Untuk melakukan suatu
pengungkapan data bagi seorang peneliti amatir bukanlah hal yang mudah, karena
ada beberapa cara ataupun teknik yang harus dipahami oleh peneliti sehingga
pengungkapan data yang dilakukan benar-benar menghasilkan informasi yang
diharapkan. Selain teknik, peneliti juga harus memahami kepada siapa
pengungkapan data tersebut ditujukan sehingga antara teknik yang digunakan
dengan informan bisa berjalan seimbang dan sinkron antara satu dengan yang
lain..
Seorang peneliti yang
profesional adalah seorang peneliti yang mampu mengungkapkan data yang
dibutuhkannya dengan bijak dan sesuai dengan penelitian yang dilakukannya.

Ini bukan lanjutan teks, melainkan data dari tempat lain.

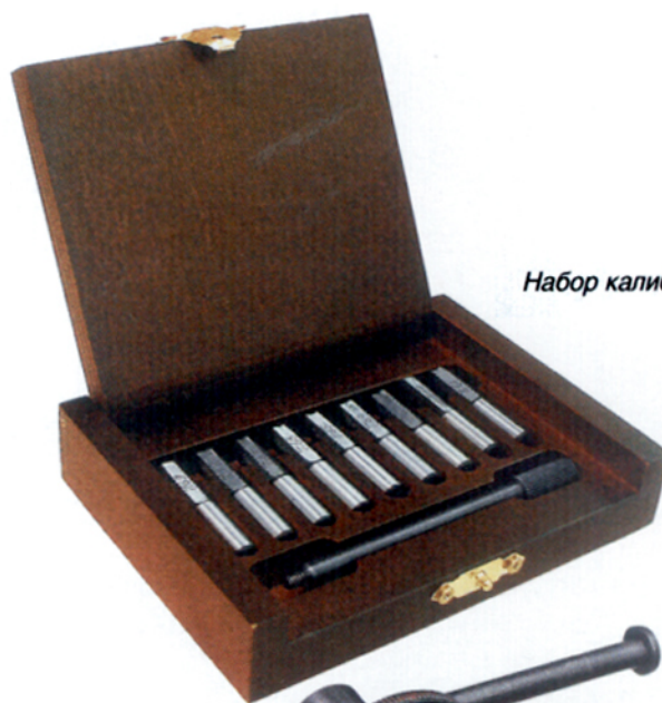
Набор калибров 7,62

Apalagi penelitian yang dilakukannya adalah penelitian yang bersifat
kualitatif, yang mana penelitian ini menuntut keahlian dan kemahiran dari
peneliti dalam pengungkapan data, terutama dalam menggunakan wawancara dan
studi dokumenter yang merupakan salah teknik dalam memperoleh data yang
ekslusif dan sesuai dengan penelitian yang akan dilakukan.
B.
Rumusan
Masalah
Adapun
rumusan masalah dalam penulisan makalah ini adalah sebagai berikut:
1. Bagaimanakah
bentuk dari pengungkapan data dengan menggunakan wawancara?
2. Bagaimanakah
bentuk dari pengungkapan data dengan menggunakan studi dokumen?
C.
Tujuan Penulisan
Adapun
tujuan penulisan makalah ini adalah sebagai berikut:
1. Untuk
mengetahui bagaimanakah bentuk dari pengungkapan data dengan menggunakan
wawancara.
2. Untuk
mengetahui bagaimanakah bentuk dari pengungkapan data dengan menggunakan studi
dokumen.
3. Untuk
mengetahui bagaimanakah perbedaan dari pengungkapan data dengan menggunakan
wawancara dan studi dokumen.
D.
Manfaat Penulisan
Adapun manfaat penulisan makalah ini adalah sebagai
berikut:
1. Untuk
menambah khazanah ilmu pengetahuan.
2. Untuk
dapat memahami perbedaan antara wawancara dan studi dokumen dalam pengungkapan
data penelitian kualitatif.
BAB II
PEMBAHASAN
A.
Pedoman Wawancara
1.
Pengertian
Wawancara
Wawancara ialah tanya jawab antara
pewawancara dengan yang diwawancara untuk meminta keterangan atau pendapat
mengenai suatu hal. Wawancara adalah
percakapan dengan maksud tertentu. Percakapan itu dilakukan oleh dua pihak,
yaitu pewawancara (interviewer) yang mengajukan pertanyaan dan terwawancara
(interviewee) yang memberikan jawaban atas pertanyaan tersebut. (Lexy J, 2006
:186).
Menurut Kartono (1980: 171) interview
atau wawancara adalah suatu percakapan yang diarahkan pada suatu masalah
tertentu; ini merupakan proses tanya jawab lisan, dimana dua orang atau lebih
berhadap-hadapan secara fisik. Sedangkan menurut Banister dkk
(1994 dalam Poerwandari 1998: 72 - 73) wawancara adalah percakapan dan tanya
jawab yang diarahkan untuk mencapai tujuan tertentu.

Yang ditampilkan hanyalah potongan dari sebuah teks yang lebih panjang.